▸ Exercise aim:
The copy should hold exactly the lines below from the one that contains "В курсе будет" through the one that contains "Kegiatan upacara tabur" and nothing else, so no pictures.

▸ Data for processing:

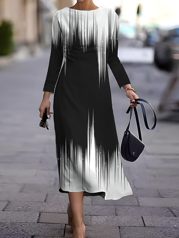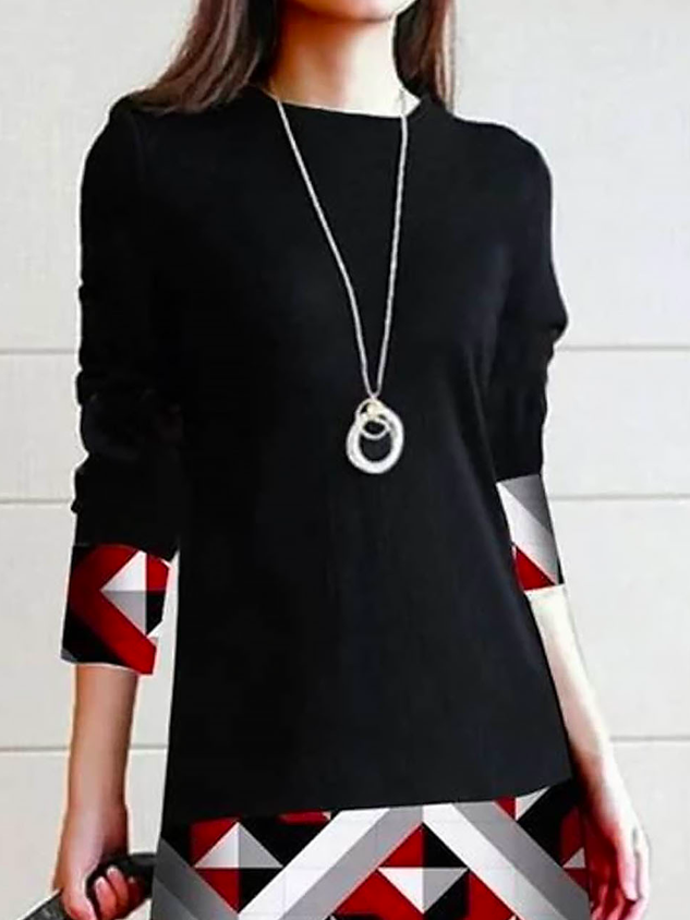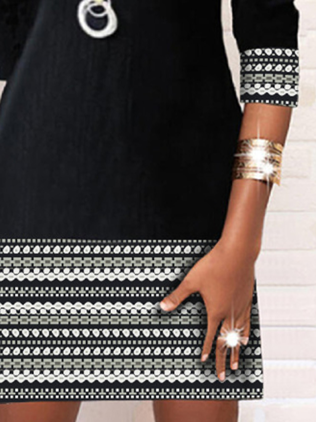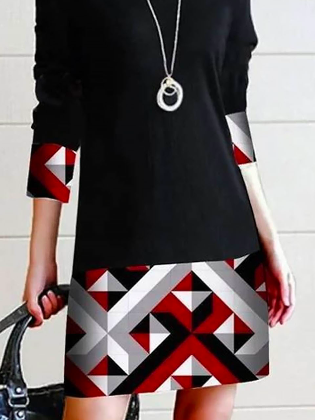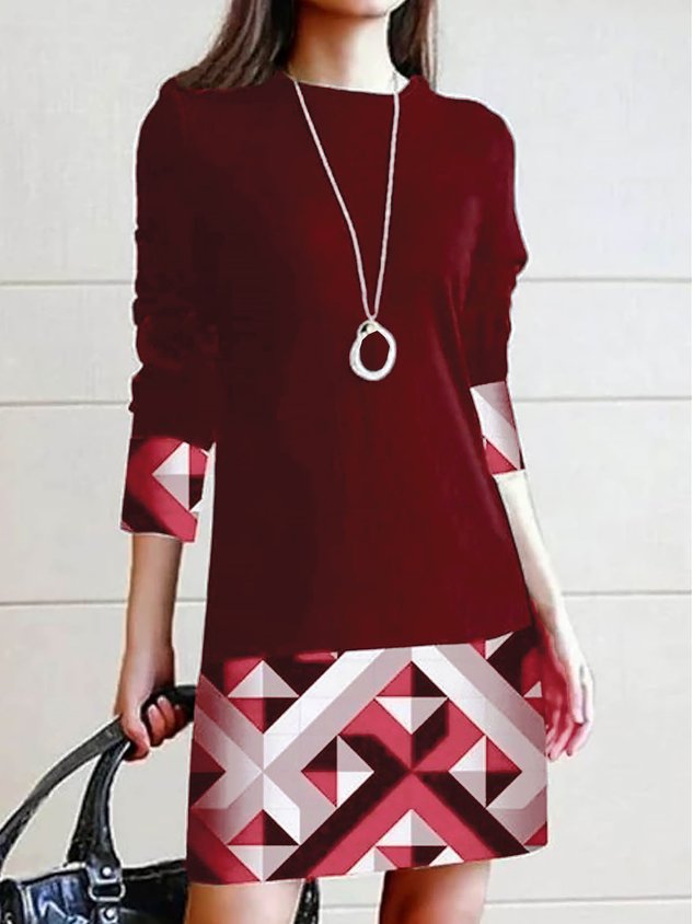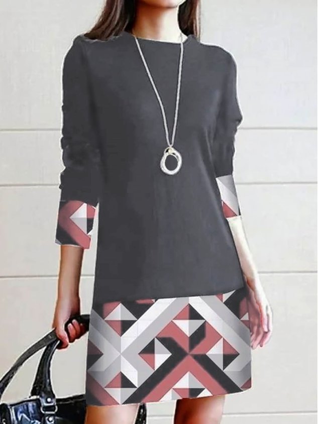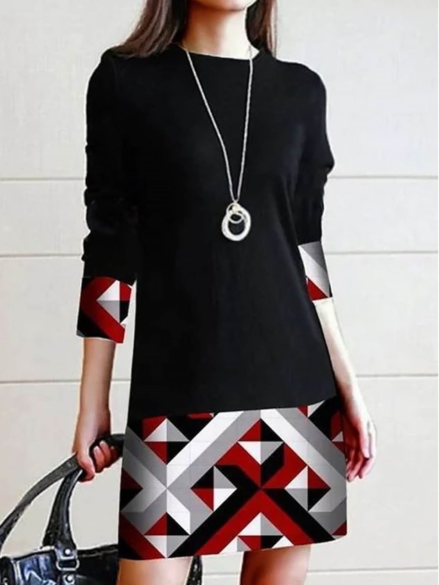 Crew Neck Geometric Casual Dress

==

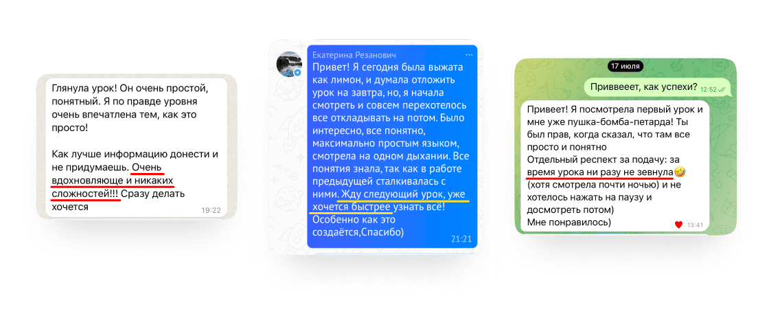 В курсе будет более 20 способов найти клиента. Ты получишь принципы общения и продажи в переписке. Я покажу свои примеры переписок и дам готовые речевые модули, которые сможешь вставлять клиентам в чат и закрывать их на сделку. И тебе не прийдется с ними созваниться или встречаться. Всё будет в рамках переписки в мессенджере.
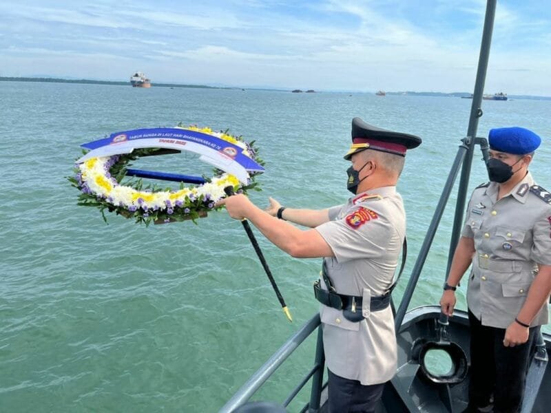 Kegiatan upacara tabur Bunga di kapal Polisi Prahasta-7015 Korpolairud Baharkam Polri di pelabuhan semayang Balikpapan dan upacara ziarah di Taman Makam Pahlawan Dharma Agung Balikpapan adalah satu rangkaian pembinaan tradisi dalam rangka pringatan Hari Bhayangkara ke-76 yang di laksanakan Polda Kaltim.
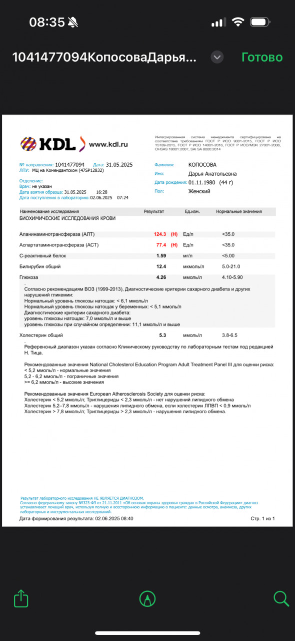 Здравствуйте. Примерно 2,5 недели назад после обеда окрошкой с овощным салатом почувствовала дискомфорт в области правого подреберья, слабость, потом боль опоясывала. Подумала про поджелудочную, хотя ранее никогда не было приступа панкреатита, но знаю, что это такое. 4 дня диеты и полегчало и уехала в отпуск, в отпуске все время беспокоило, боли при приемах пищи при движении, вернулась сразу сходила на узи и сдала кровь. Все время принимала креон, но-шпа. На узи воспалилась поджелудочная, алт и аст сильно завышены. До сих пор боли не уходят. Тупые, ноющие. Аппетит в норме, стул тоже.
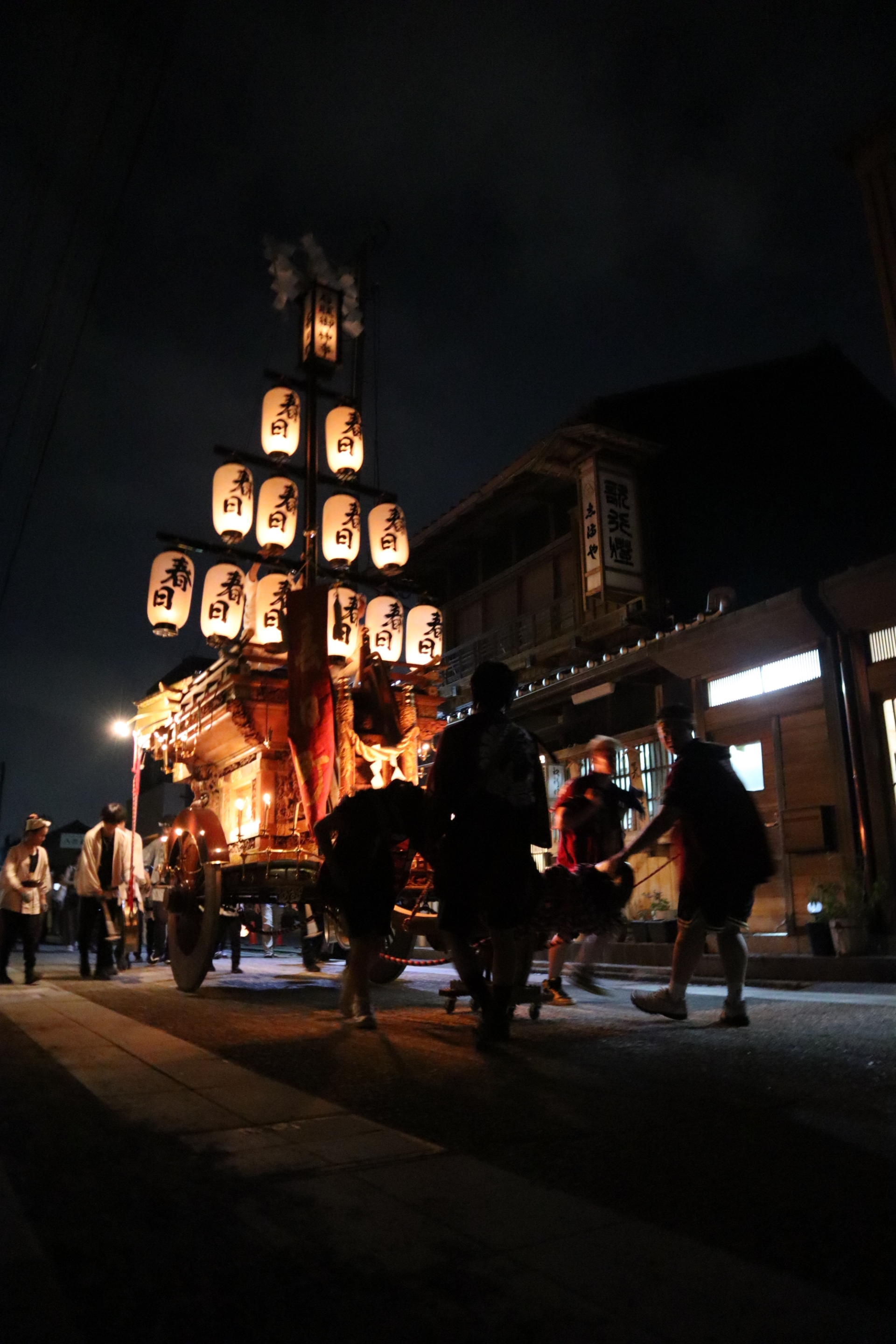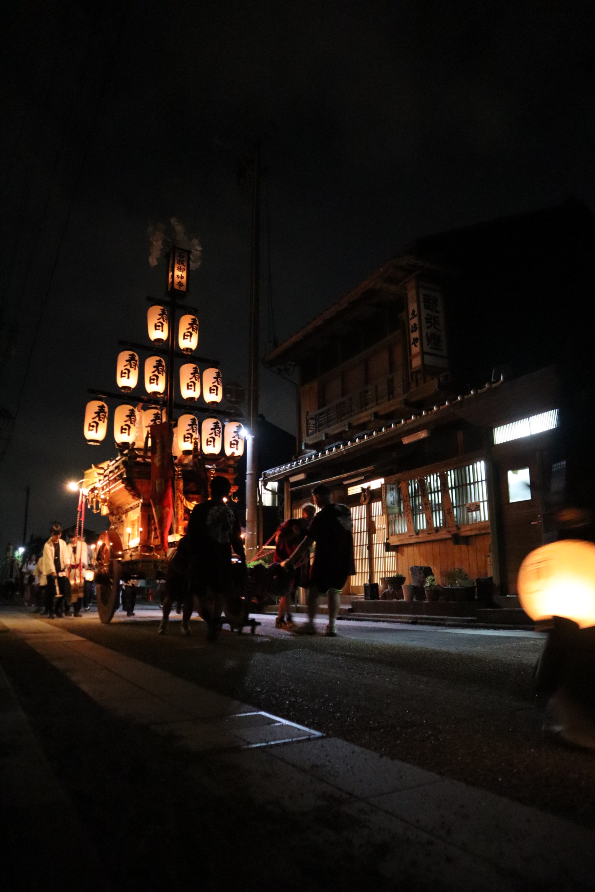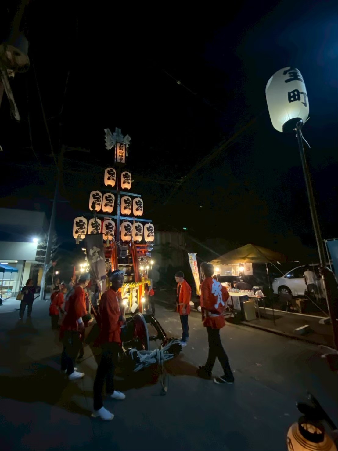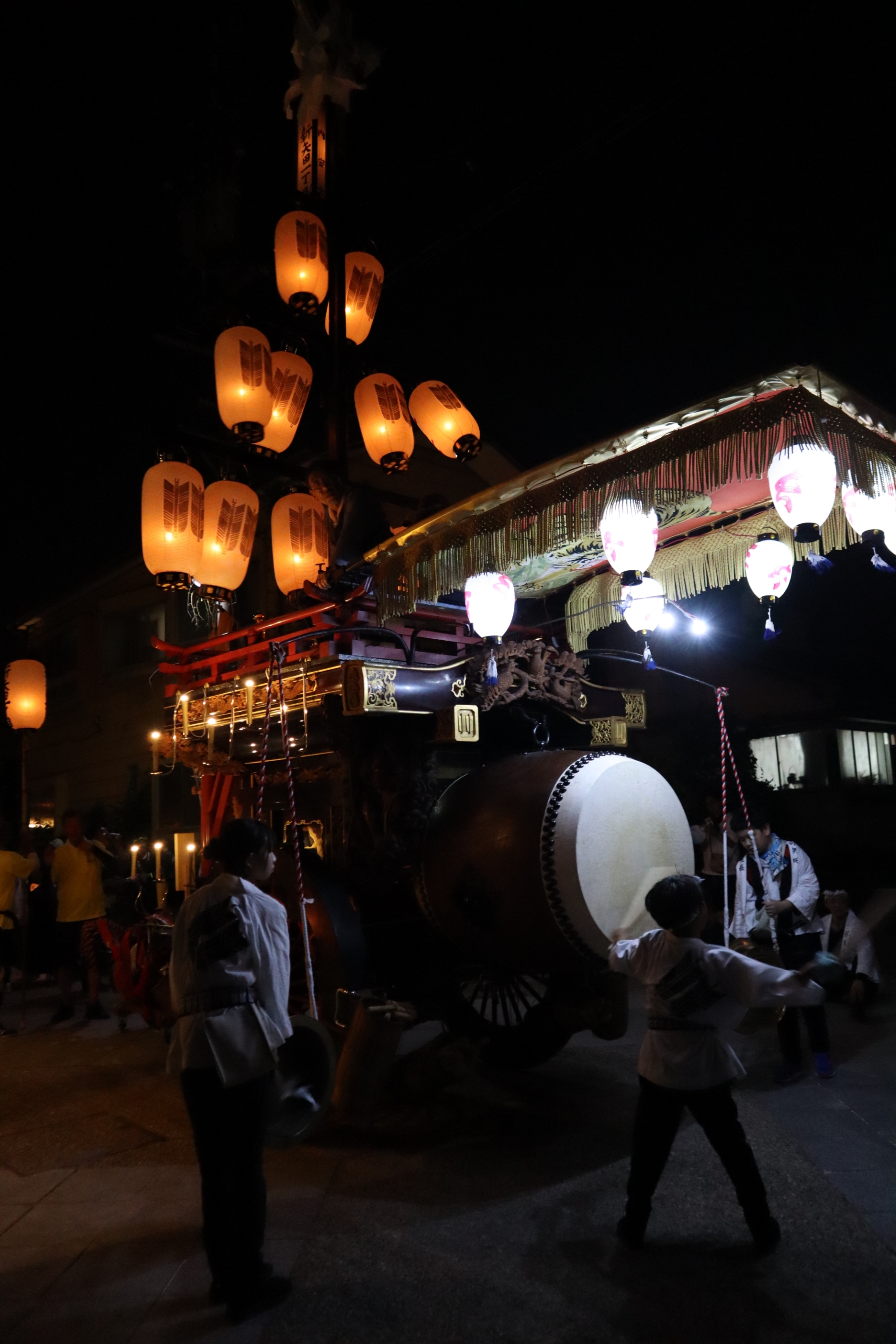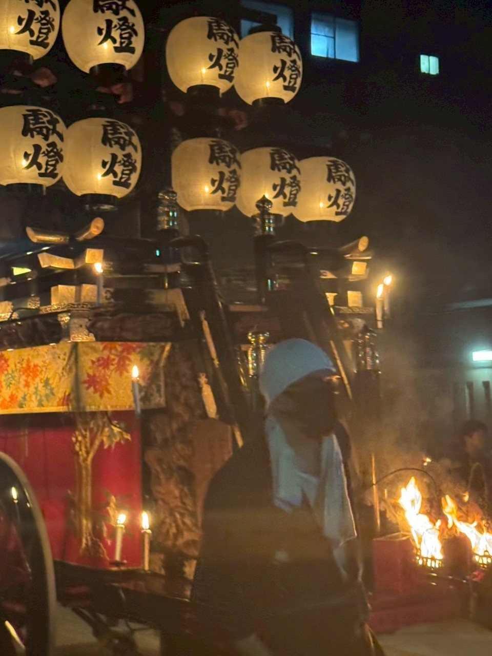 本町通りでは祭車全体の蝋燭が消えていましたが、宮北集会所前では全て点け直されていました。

* * *

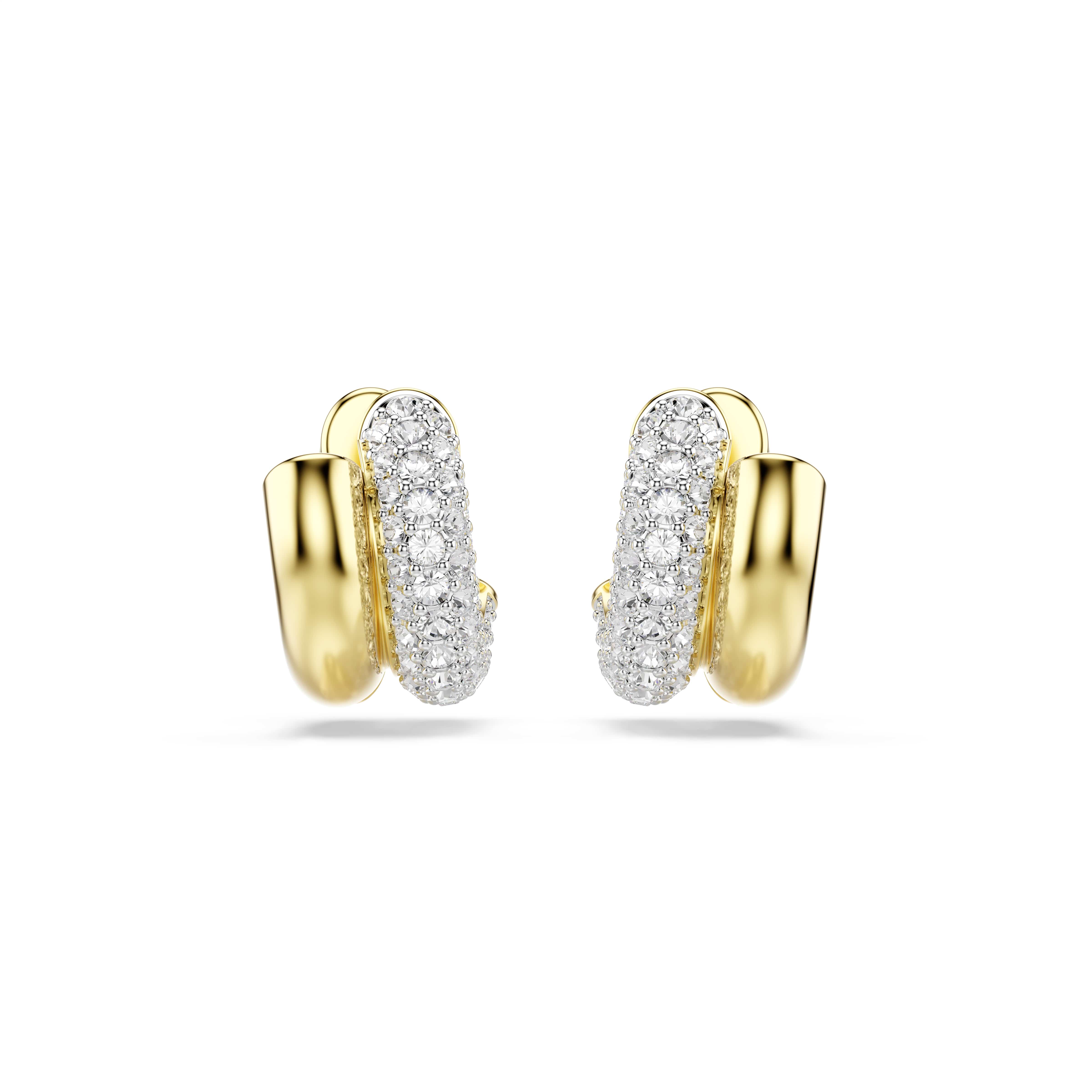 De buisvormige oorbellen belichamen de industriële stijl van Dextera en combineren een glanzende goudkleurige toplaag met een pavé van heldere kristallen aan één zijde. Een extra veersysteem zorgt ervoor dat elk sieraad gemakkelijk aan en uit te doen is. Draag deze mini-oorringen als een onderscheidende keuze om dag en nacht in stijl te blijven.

▸ Task output:
 В курсе будет более 20 способов найти клиента. Ты получишь принципы общения и продажи в переписке. Я покажу свои примеры переписок и дам готовые речевые модули, которые сможешь вставлять клиентам в чат и закрывать их на сделку. И тебе не прийдется с ними созваниться или встречаться. Всё будет в рамках переписки в мессенджере.
 Kegiatan upacara tabur Bunga di kapal Polisi Prahasta-7015 Korpolairud Baharkam Polri di pelabuhan semayang Balikpapan dan upacara ziarah di Taman Makam Pahlawan Dharma Agung Balikpapan adalah satu rangkaian pembinaan tradisi dalam rangka pringatan Hari Bhayangkara ke-76 yang di laksanakan Polda Kaltim.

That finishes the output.